Dataset content =>
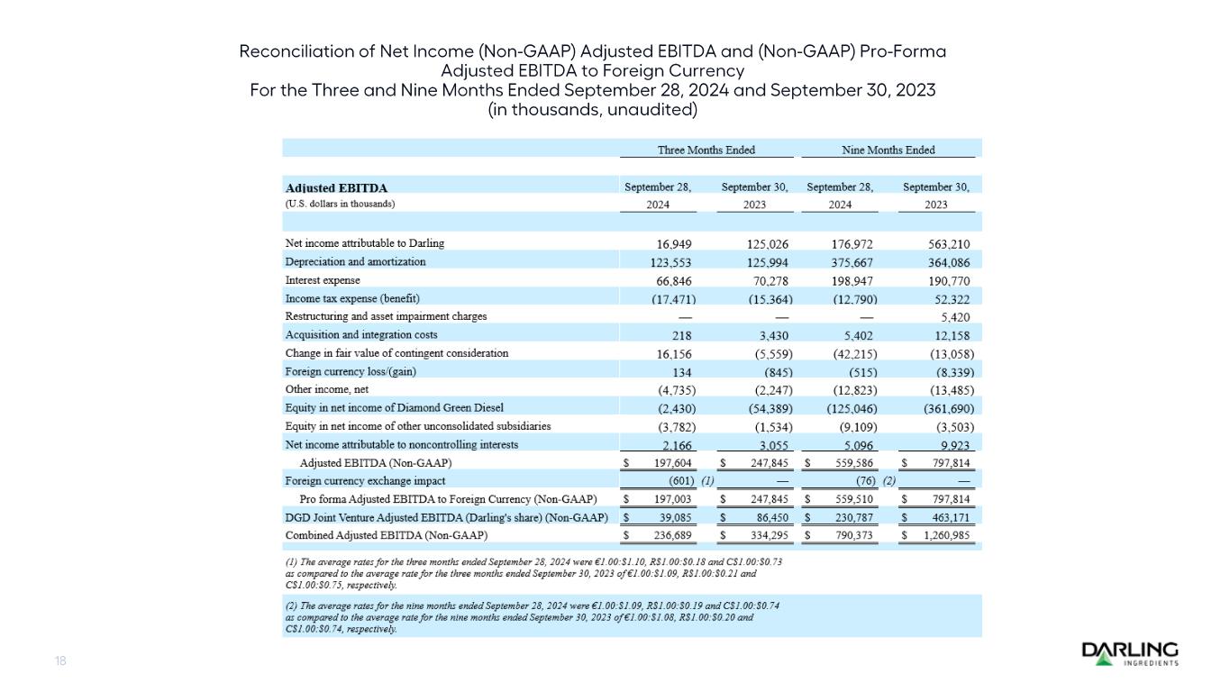 DGD Joint Venture Adjusted EBITDA (Darling's share) is not reflected in the Adjusted EBITDA or the Pro forma Adjusted EBITDA to Foreign Currency. DGD Joint Venture Adjusted EBITDA (Darling’s share) is not a recognized accounting measure under GAAP; it should not be considered as an alternative to net income or equity in net income of Diamond Green Diesel, as a measure of operating results, or as an alternative to cash flow as a measure of liquidity and is not intended to be a presentation in accordance with GAAP. The Company calculates DGD Joint Venture Adjusted EBITDA (Darling’s share) by taking DGD’s operating income plus DGD’s depreciation, amortization and accretion expense and then multiplying by 50% to get Darling’s share of DGD’s EBITDA. Management believes that DGD Joint Venture Adjusted EBITDA (Darling’s share) is useful in evaluating the Company's operating performance because the calculation of DGD Joint Venture Adjusted EBITDA (Darling’s share) generally eliminates non-cash and certain other items at DGD unrelated to overall operating performance and also believes this information is useful to investors.
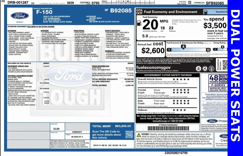F-150 XLT, 4D SuperCrew, 2.7L V6 EcoBoost, 10-Speed Automatic, 4WD, Marsh Gray, 40 Console 40 Medium Dark Slate Cloth, 360 Degree Camera, 400W Cab & Bed Outlets, 4x4 FX4 Off-Road Bodyside Decal, 6" Angular Bright Anodized Step Bar, Adaptive Cruise Control w/Stop & Go, Auto-Dimming Rear-View Mirror, Black Painted Grille w/Chrome Center Bar, Chrome Door & Tailgate Handles, Chrome Single-Tip Exhaust, Cloth 40/Console/40 Front Seats, Connected Navigation, Driver State Detection, Dual-Zone Electronic Automatic Temperature Control, Equipment Group 302A Mid, Evasive Steering Assist, Ford Co-Pilot360 Assist 2.0, Front Parking Sensors, FX4 Off-Road Package, GVWR: 6,650 lbs Payload Package, Heated Front Seats, Hill Descent Control, Intelligent Access w/Push Button Start, Monotube Rear Shocks, Off-Road Tuned Front Shock Absorbers, Power Glass Heated Sideview Mirrors, Power-Sliding Rear Window, Remote Start System w/Remote Tailgate Release, Rock Crawl Mode, Towing Technology, Tray Style Floor Liner w/o Carpet Mats, Wrapped Steering Wheel.
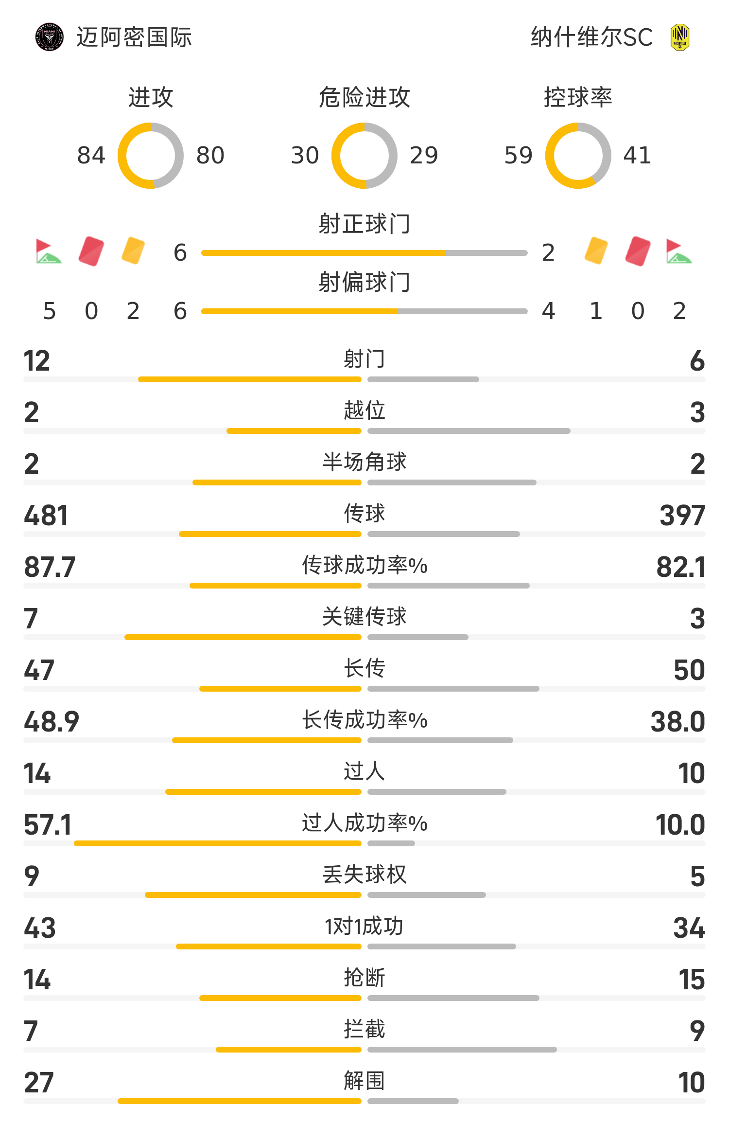 迈阿密国际首发阵容:34-诺沃、18-阿尔巴、37-法尔肯、17-弗雷(89’2-卢扬)、32-艾伦、5-布斯克茨、7-德保罗(89’42-布莱特)、21-阿连德(77’24-西尔维蒂)、11-罗德里格斯(70’8-塞戈维亚)、10-梅西、9-苏亚雷斯
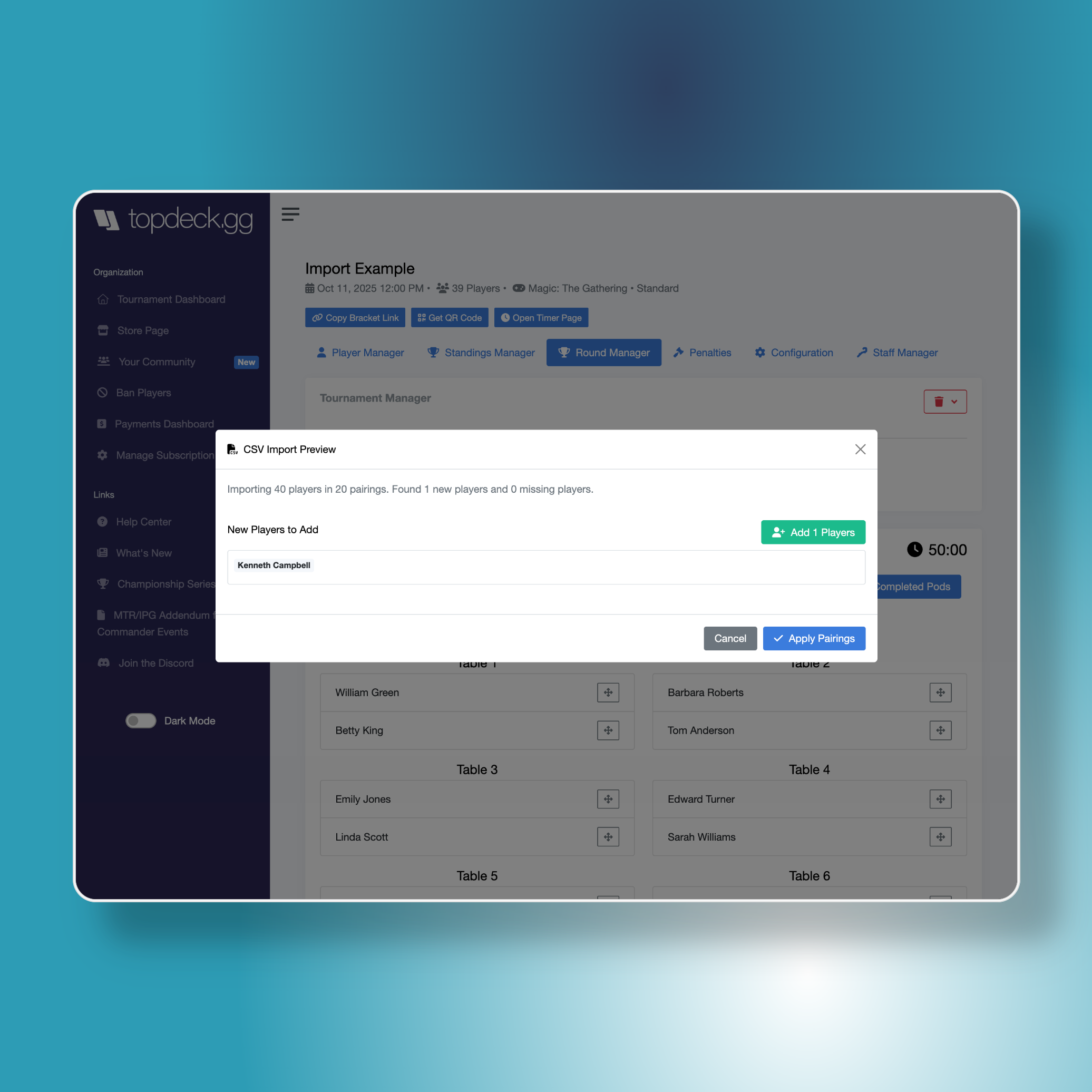 Tournament software crashes happen. When they do, every second counts. Today we're unveiling CSV Pairings Import, a feature designed to make TopDeck.gg the perfect backup for your events.

What is needed => Every line between the one containing "迈阿密国际首发阵容:34-诺" and the last line of the data above, both included, should be copied exactly, but not the pictures.

Response to this task =>
 迈阿密国际首发阵容:34-诺沃、18-阿尔巴、37-法尔肯、17-弗雷(89’2-卢扬)、32-艾伦、5-布斯克茨、7-德保罗(89’42-布莱特)、21-阿连德(77’24-西尔维蒂)、11-罗德里格斯(70’8-塞戈维亚)、10-梅西、9-苏亚雷斯
 Tournament software crashes happen. When they do, every second counts. Today we're unveiling CSV Pairings Import, a feature designed to make TopDeck.gg the perfect backup for your events.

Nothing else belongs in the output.